The question has been wrongly stated because, as the solution below will show, A(2,4) is outside the range of valid vertex coordinates. I suggest that A is the point (-2,4).
The bisector lines x-y+1=0 and 2x+3y+6=0 are shown in red along with the bisector of vertex A. The lines meet when y=x+1 meets y=-⅓(2x+6)=-⅔x-2 at O.
-⅔x-2=x+1, 5x/3=-3, x=-9/5=-1.8, so y=x+1=-0.8. O is at (-1.8,-0.8) as shown by the intersection of the orange lines at O.
The gradient of OA=(4-(-0.8))/(-2-(-1.8))=4.8/(-0.2)=-24. Let tanω=-24, the angle of the gradient.
The gradient of OB=1 (the coefficient of x in y=x+1), so the angle of the gradient is 45°.
The gradient of OC=-⅔. As an internal angle of triangle ABC, let tanη=⅔.
The three bisectors create three angles: between AO and BO, BO and CO, and AO and CO. From these angles we can calculate the vertex angles of ΔABC.
AÔB=180-ω+45=225-ω; BÔC=180-(45+η)=135-η; AÔC=ω+η. The sum of these is 360°, as expected.
Because of the bisectors we can write three equations involving half-angles:
(1) ½A+½B+225-ω=180,
(2) ½B+½C+135-η=180,
(3) ½A+½C+ω+η=180.
If we add these equations together we get A+B+C+360=540, A+B+C=180°, which confirms that we have vertex angles of ΔABC.
Equation (4)=(1)-(2)=½A-½C+90-ω+η=0; (4)+(3)=A+90-ω+η+ω+η=180, A=90-2η=2(45-η).
Therefore B=2(180-½A-225+ω)=2(180-45+η-225+ω)=2(η+ω-90) and C=2(180-½A-ω-η)=2(180-45+η-ω-η)=2(135-ω).

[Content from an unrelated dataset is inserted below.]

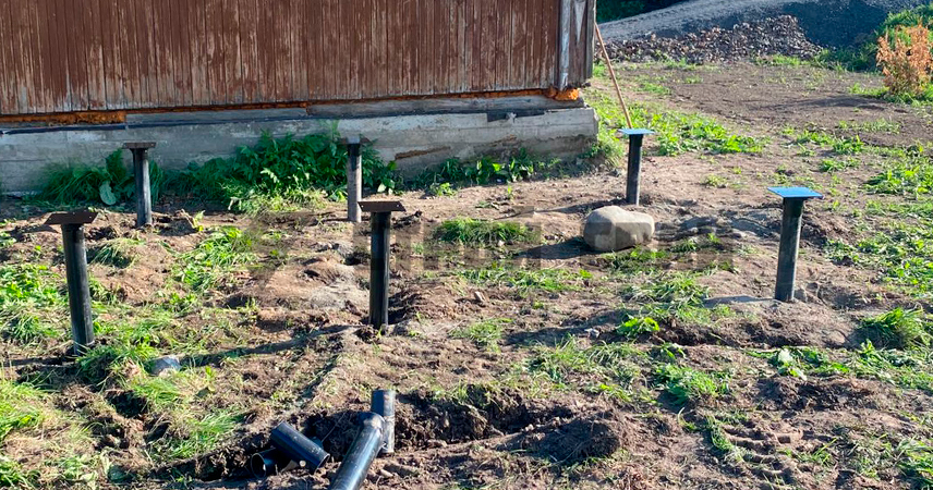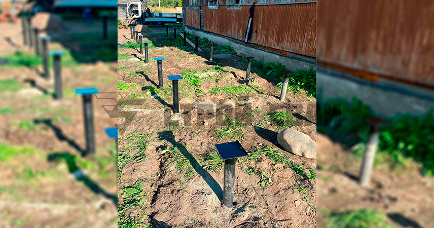 Пристройка на винтовых сваях — один из самых распространенных типов применения железных опор. Завинченные на глубину ниже уровня максимального зимнего промерзания, они не подвержены эффекту морозного пучения. Поэтому их можно включать в постройки на заливных фундаментах.

The picture shows the half-angles at vertex A radiating down towards the bisectors of B and C. AB and AC are shown as tangents to the pale blue incircle (labelled c). BC is also a tangent to the incircle and the radius of the incircle, centre O and perpendicular to AB and AC (pale blue) can be calculated.

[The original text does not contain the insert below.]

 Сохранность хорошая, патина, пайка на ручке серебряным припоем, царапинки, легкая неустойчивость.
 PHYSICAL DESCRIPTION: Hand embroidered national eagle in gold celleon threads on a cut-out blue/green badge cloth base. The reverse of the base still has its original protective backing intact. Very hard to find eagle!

All the angles as calculated above must be positive, otherwise ΔABC cannot exist. This places constraints on ω.
Angle A=2(45-η), and since η=arctan(⅔), and ⅔<1, where 1=arctan (45°), A>0, enabling us to draw the sides AB and AC, because of the intersection with the angle bisectors of B and C.

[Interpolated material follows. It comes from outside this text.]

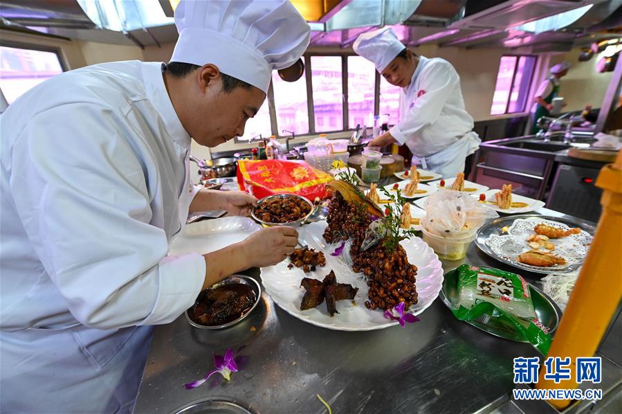 11月20日,在馬來西亞吉隆坡,參賽廚師在制作美食。新華社記者朱煒攝

B=2(η+ω-90), so for B>0, η+ω>90, ω>90-η (about 56.31°). C=2(135-ω), so ω<135°. Therefore 90°-η<ω<135°. The green lines radiating upwards from O enclose the valid region for ω. It can be seen that (2,4) is outside this region, hence the given point A(2,4) prohibits a solution of the problem, whereas A(-2,4) lies within the region.
tan(½A)=tan(45-η)=(1-⅔)/(1+⅔)=⅕=0.2, so the length of the tangents from A=5r (r=radius of incircle) on AB and AC. Next we need to find the coordinates of B and C, knowing the length of OA. The gradient angle of AB is ω-½A=ω-45+η, and the gradient of AC is ω+½A=ω+45-η. The respective gradients are tan(ω-45+η)=tan(ω-(45-η))=(tanω-tan(45-η)/(1+tanωtan(45-η))=(-24-0.2)/(1-4.8)=-24.2/(-3.8)=121/19; and tan(ω+(45-η))=(tanω+tan(45-η)/(1-tanωtan(45-η))=(-24+0.2)/(1+4.8)=-23.8/5.8=-119/29. AB and AC pass through A(-2,4) so their line equations are:
y=(121/19)(x+2)+4 for AB and y=-(119/29)(x+2)+4 for AC. -119x-238+116=0, -119x=122
y=x+1=(121/19)(x+2)+4 at B, x=(121/19)(x+2)+3, 19x=121x+299, x=-299/102 and y=-197/102, hence B(-299/102,-197/102).
y=-⅔x-2=-(119/29)(x+2)+4 at C, -⅔x=-(119/29)(x+2)+6, -58x=-357x-714+522, x=-192/299 and y=-470/299, hence C(-192/299,-470/299). The horizontal gradient angle of BC has the same measure as the vertical angle of AB, so the tangent of this angle = cotangent of the vertical angle, making the gradient of BC=19/121 (see the picture for the geometry). This can also be deduced from the gradient between points B and C.
The equation of BC is y=(19/121)(x+299/102)-197/102 in slope-intercept form.